The story itself is a classic mix of tropes that involve an ecology disrupted by careless developers, indigenous exploitation and displacement, fanatical worship of a “natural” deity, capitalistic imperialism, native rebellion and giant monster destruction.
Writer Robert Holmes does a pretty good job with the script, Norman Stewart’s direction is servicable and as usual the acting is excellent, with even minor characters being well served by a group of experienced British actors. Some viewers have expressed disdain toward the costuming used for the “Swampies” (the original inhabitants of Delta Magna, now refugees from a capitalistic regime on the planet’s third moon), but it works within the context, provided a little discretionary tolerance is applied.
And though the huge tentacled Kroll is really too ambitious a creature for the available SFX budget, what we get does work on a simple conceptual level, despite size discrepancies between long shots of the monster and the incongruous smaller tentacles that attack on a personal level. Kroll clearly has a mass of tentacles that can attack from beneath the swamp:
Or through the ducts and piping of the offending refinery:
Though visually the concept doesn’t quite gel, Kroll is rather like the monstrous squid from Stephen Sommers’ Deep Rising — able to send long, smaller tentacles into narrow spaces in search of offending humans. In fact, now that I’ve mentioned it, there’s some similarity between the “faces” of the two monsters as well, though Kroll wins out in sheer bulk:
And the Deep Rising monster as revealed in the climactic scene:
All told, despite a somewhat rushed appearance and the dodgy, less-effective choreography of the Swampie’s religious ceremonies, The Power of Kroll is an enjoyable Doctor Who story — with the lead monster definitely one of its main attractions.

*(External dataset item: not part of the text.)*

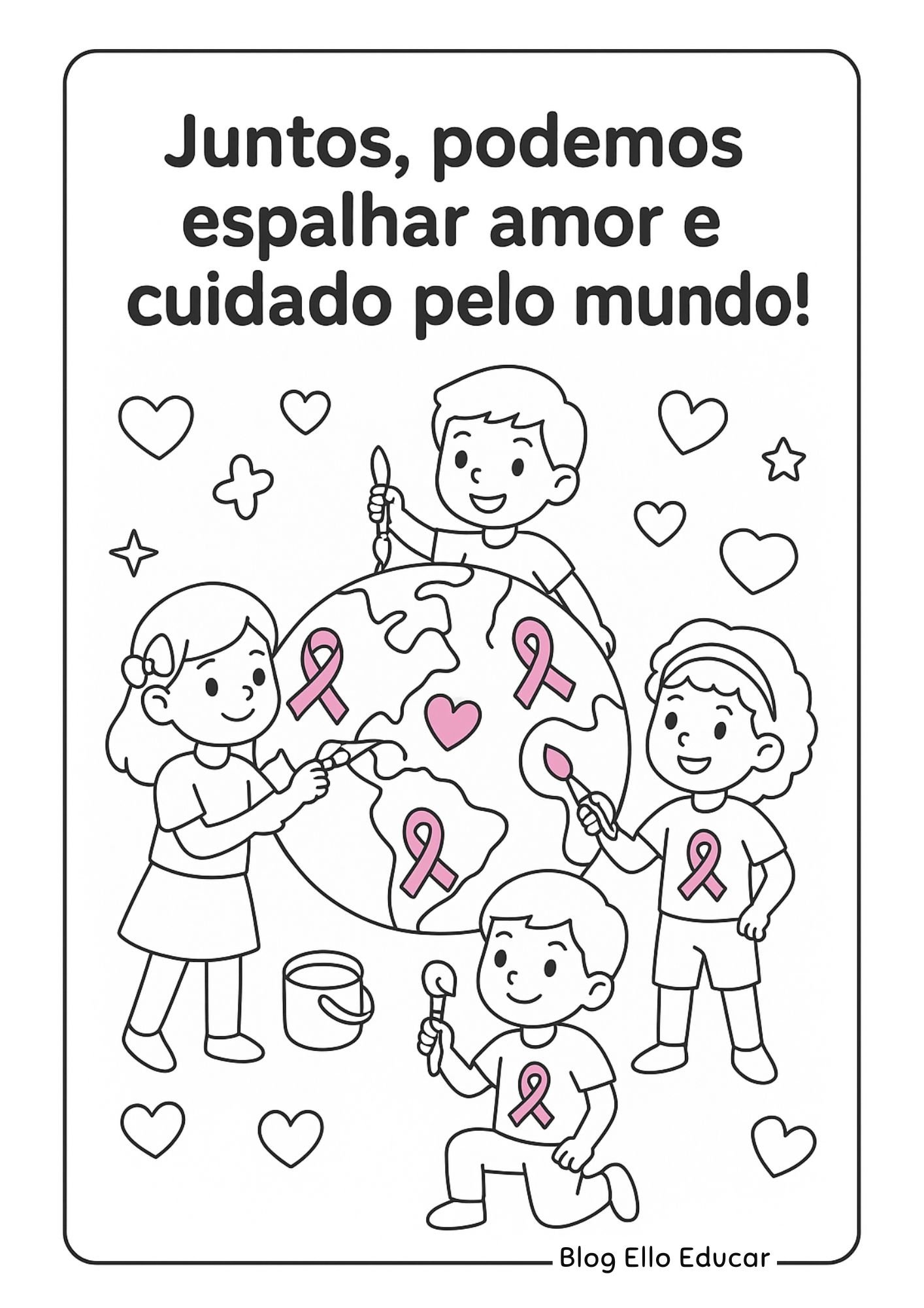 - Espalhando amor e cuidado pelo mundo: Desenho de crianças pintando a fita rosa no globo terrestre.

Awesome!! Now I finally get to see who this “KROLL” character is that several readers on different sites have compared the German “GUALAGON” to. I can now see why. I had no idea that this series had such BIG monsters in it. Cool!!
You’re right, Avery. Believe it or not, the similarity hadn’t really occurred to me.
As for the giant monsters in Doctor Who, there are one or two that aspire to this size but none quite achieve Kroll’s stature. Still, to come there are lots of giant insectoid creatures, giant robots, rampaging dinosaurs, crab-like alien beasties, a mansion-sized conglomerate hunk of vegetation, a giant vampire and a gargantuan demon, among other over-sized delights!